Персонажи альбома. Маленький роман

Вера Резник
100
10
(1 голос)
0 0

Аннотация: Небольшой роман, в издании 2021 г. дополненный новой главой, впервые публиковался в 2017 г. Персонажи альбома семейных фотографий принадлежат к разночинной российской интеллигенции. Это разные по характеру и складу люди, кому выпала судьба жить в переломные предреволюционные и послереволюционные годы. Это попытка не исторического, а скорее психологического романа. Автор старался создать нечто вроде портретов людей, несходных по характеру и убеждениям, с разными, порой причудливыми, но одинаково печальными судьбами.

Книга добавлена:
18-04-2023, 07:39
0
238
34
knizhkin.org (книжкин.орг) переехал на knizhkin.info
Персонажи альбома. Маленький роман

Читать книгу "Персонажи альбома. Маленький роман"



«Ну как же вы не научились на ней играть?» – спрашивала меня моя бедная козочка, которой очень нравилось простодушное пастушеское звучание инструмента. – «Я бы всегда слушала, как вы играете».

Но я отчего-то медлил и не рассказывал ей историю, которая начиналась с манка́ – дудочки, знакомой всякой крестьянской девушке, свистульки, приманивающей птиц, любимой игрушки маленького мальчика, которому родители позволяли возле имения бродить с деревенскими мальчишками-птицеловами. Приманенных и пойманных птиц барский сынок отпускал – за это мальчишки на него сердились и гнали прочь. Барич, зажав в ручке свистульку, с ревом трусил по тропинке домой, выкрикивая слова, которых мальчишки не понимали, даже если разбирали в потоке возмущенных воплей отдельные слоги. То, что маленький мальчик плохо выговаривал половину слов, не имело никакого значения, потому что смысл слова «невоспитанные» все равно остался бы для деревенских детей совершенной тайной. Но на другой день барского сыночка снова брали в компанию – никто не умел лучше него подражать звукам, издаваемым самкой перепела или рябчиком, и все повторялось сызнова.

Из отдельных фраз, оброненных кем-то в доме у Бергов, и нескольких эпизодов, случившихся уже на моей памяти, я запомнил, что чуравшийся гимназических сверстников дед учился ровно и безразлично, чувствуя себя в гимназии в точности так, как в детстве с деревенскими мальчишками. Зато не расставался со свистулькой, служившей ему своего рода оберегом. После окончания гимназии юноша по настоянию родителей поступил на правоведение, разумно решив, что эта специальность исключает душевную заинтересованность, а добросовестности у него хватит сполна. Равнодушно окончив университет, отбыв пять необходимых лет в должности помощника, дед сделался полноправным присяжным поверенным, разобрал множество тяжб, защитил нескольких безвинных, женился и родил детей, просуществовав в состоянии сомнамбулы едва ли не половину жизни. Но однажды он вдруг проснулся – произошло это в обыкновеннейшей ситуации, когда судейский приятель, осведомленный о тонком слухе деда, попросил сопроводить его на птичий базар для выбора ребенку подарка.

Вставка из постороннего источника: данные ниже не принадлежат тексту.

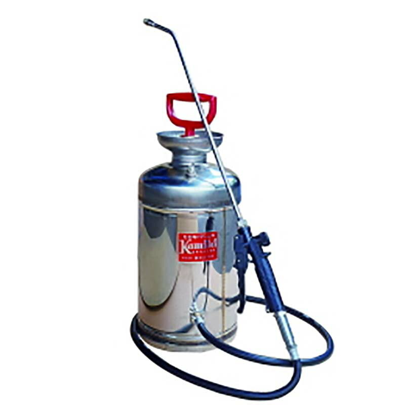電池不要の手動蓄圧式、蓄圧噴霧器3段式伸縮ノズル(二頭口)6Lタイプ。 軽くて簡単で使い易いやすい、女性や年配の方にもラクに操作できる様に設計された蓄圧式噴霧器です。 自転車の空気入れのように本体のハンドルを上下させて蓄圧するだけで使う事ができます。 ノズルは二頭口でキリの広がりや方向も調節できるようになっている他、ノズルパイプも3段階で伸縮して使いやすい長さに調節できます。 軽量で、肩掛けストラップも付いているから、肩に掛けながら場所を選ばず使えます。 消毒液・除草剤・薬肥・潅水・マシン油剤・石灰硫黄合剤など色々な用途でご使用頂けます。 関連商品はこちらから ・その他の噴霧器 サイズ タンク(約):ボトル直径19×高さ43cm ホース長さ(約):180cm ノズルの長さ(約):40cm?96cm 容量 6L 商品重量 (約)1.29 kg 素材・材質 ポンプ:ポリプロピレン タンク:ポリエチレン 体圧ホース:軟質ビニール樹脂 ノズル・ノズルパイプ:真鍮製(クロームメッキ仕上げ) キーワード 蓄圧式 噴霧 二頭口 散布 消毒 除草剤 薬肥 潅水 マシン油剤 石灰硫黄合剤 電池不要 手動 ノズルパイプ伸縮 軽い 軽量 コンパクト 肩掛けストラップ付き 202110-03
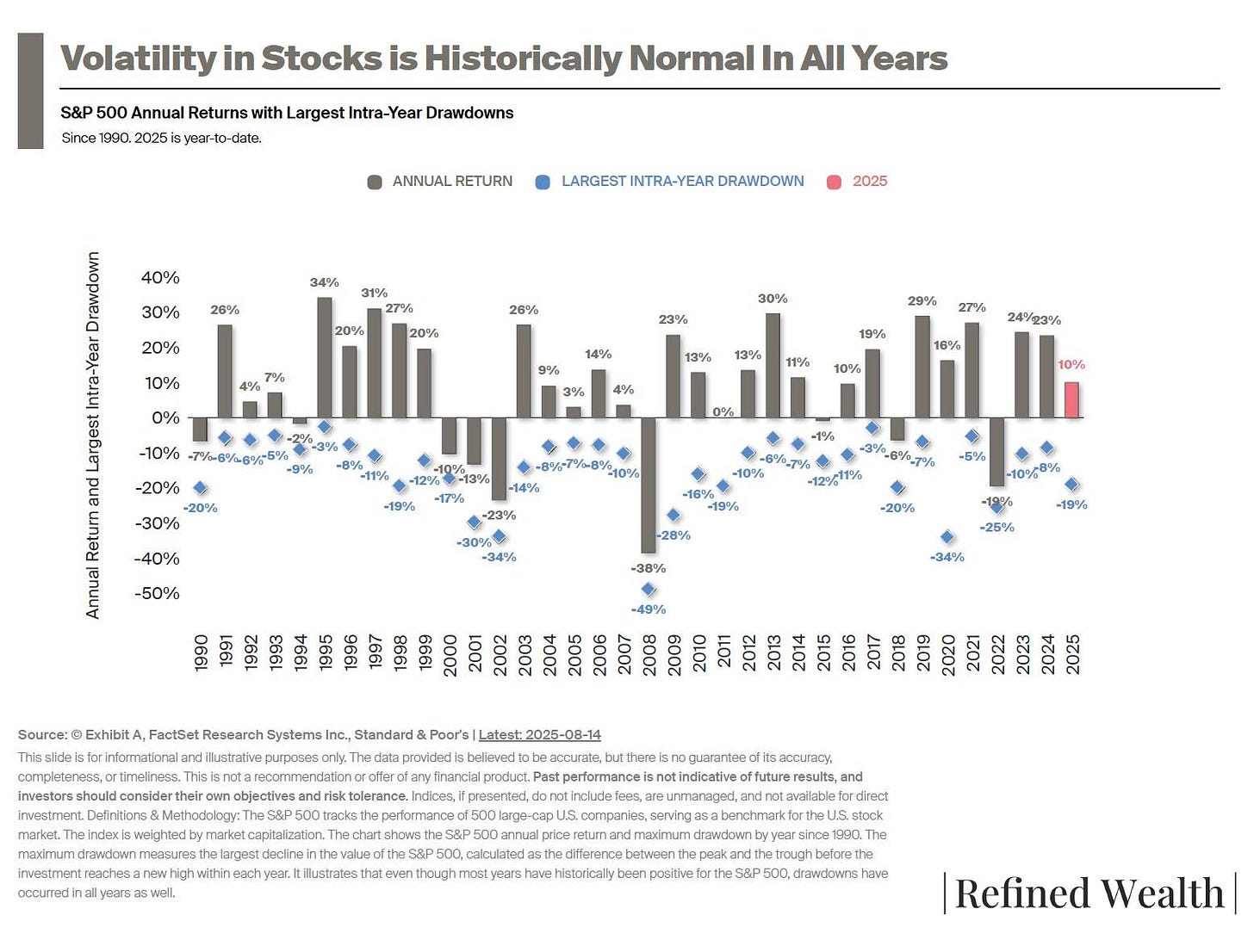 Most years include intra-year drawdowns, and every few years the market ends in negative territory. Opportunities to make mistakes.
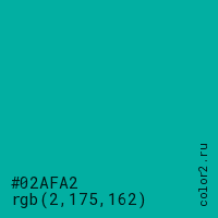 Цвет #02AFA2 в цветовой модели RGB обозначается тремя октетами (2, 175, 162) в десятичном формате и #02AFA2 в шестнадцатиричном (hex) формате, которые являются интенсивностью красного 2 (hex 02), интенсивность зелёного 175 (hex AF) и интенсивность синего 162 (hex A2).
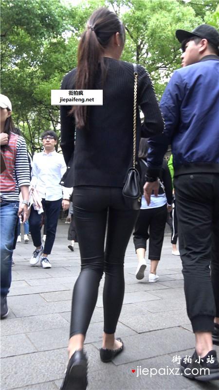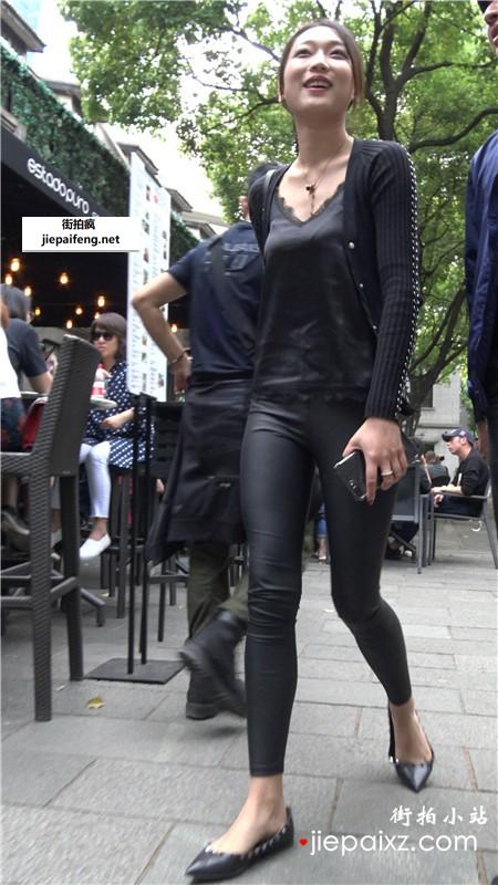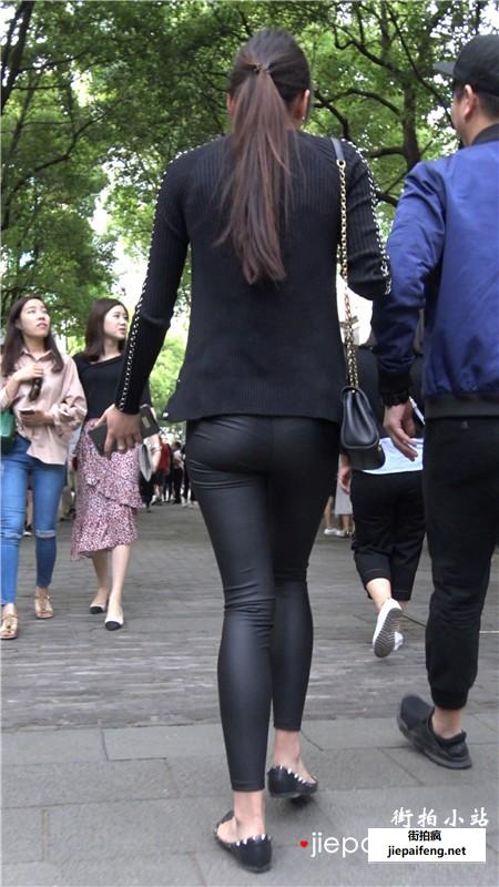 4k-黑色紧身皮裤气质马尾辫街拍美女 [1.12 GB]

Вот там случилось то, что не укладывалось в рамки поведения уважающего себя чиновника и вообще непьющего человека, хотя всю эту историю приятель замял при помощи нескольких ассигнаций.

Когда приятели вышли из экипажа и вошли в рынок, на них обрушился звуковой хаос: щебет, щелканье, трели, росчерки, коленца, клекот, свист, постукиванье, а также множество писклявых, звонких и бархатных нот, которым в языке нет названия, сливающихся воедино, перебивающих друг друга и разбегающихся. На длинных прилавках в клетках самой разной формы, громоздящихся одна на другой, прыгали, разевая клювики, и голосили зяблики, зарянки, славки, иволги, пеночки, варакушки, дрозды, щеглы, трясогузки, канарейки, коноплянки, снегири, синицы-лазоревки… Одни птицы выводили мелодию громко, с горделивыми модуляциями, у других голоски были застенчивые, у третьих песенка напоминала короткие позывные. Приятели стояли под звенящим стеклянным куполом, о который ударялся и бледным веером рассыпался птичий грай.

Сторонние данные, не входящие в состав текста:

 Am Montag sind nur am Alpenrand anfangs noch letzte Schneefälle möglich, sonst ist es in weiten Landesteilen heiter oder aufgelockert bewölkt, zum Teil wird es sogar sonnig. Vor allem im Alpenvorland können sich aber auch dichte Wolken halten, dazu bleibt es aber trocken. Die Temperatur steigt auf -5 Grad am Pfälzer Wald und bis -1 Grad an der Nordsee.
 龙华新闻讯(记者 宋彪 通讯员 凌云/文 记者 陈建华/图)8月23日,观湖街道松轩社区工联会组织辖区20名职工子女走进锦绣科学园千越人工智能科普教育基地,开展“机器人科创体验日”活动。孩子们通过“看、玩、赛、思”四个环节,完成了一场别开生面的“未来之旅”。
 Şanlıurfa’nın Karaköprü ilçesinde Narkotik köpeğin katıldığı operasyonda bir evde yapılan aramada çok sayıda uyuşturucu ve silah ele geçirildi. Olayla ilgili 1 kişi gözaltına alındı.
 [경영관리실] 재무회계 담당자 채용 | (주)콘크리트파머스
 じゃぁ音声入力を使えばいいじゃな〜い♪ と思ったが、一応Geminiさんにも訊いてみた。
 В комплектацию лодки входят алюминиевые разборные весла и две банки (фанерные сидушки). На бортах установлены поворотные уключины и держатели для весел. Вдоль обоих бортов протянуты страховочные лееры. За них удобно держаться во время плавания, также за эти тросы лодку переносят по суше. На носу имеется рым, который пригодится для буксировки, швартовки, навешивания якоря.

«Бери зяблика, не прогадаешь», – помолчав, сказал дед и добавил: «А иволга напоминает флейту». Затем он насупил брови, склонил к плечу голову, пытаясь сосредоточиться и выделить в окружающей мелодической сумятице мотив иволги, низкий бархатный напев фиу-лиу-ли. Несколько мгновений – пока он старался уловить напев в звуковой кутерьме – выражение лица у него было напряженным и отсутствующим. Но спустя минуту оно изменилось, сделалось растерянным, рот слегка приоткрылся, глаза наполнились слезами, он всплеснул руками и выпал в другое пространство. Теперь он с ревом бежал по тропинке к дому, захлебываясь непонятными словами и размахивая кулачками, в одном из которых была зажата свистулька, а другим размазывая по щеке слезы, потому, что все они вредные, вредные и плохие… это его иволга, он ее поймал и может, как хочет, с нею делать… птичкам надо летать, он все скажет маме…

Дед всплеснул руками, отскочил от приятеля, бросился к ближайшему прилавку и, схватив клетку с какой-то серой птицей, открыл дверку. Вслед за тем он принялся метаться между прилавками и судорожно распахивать дверцы клеток.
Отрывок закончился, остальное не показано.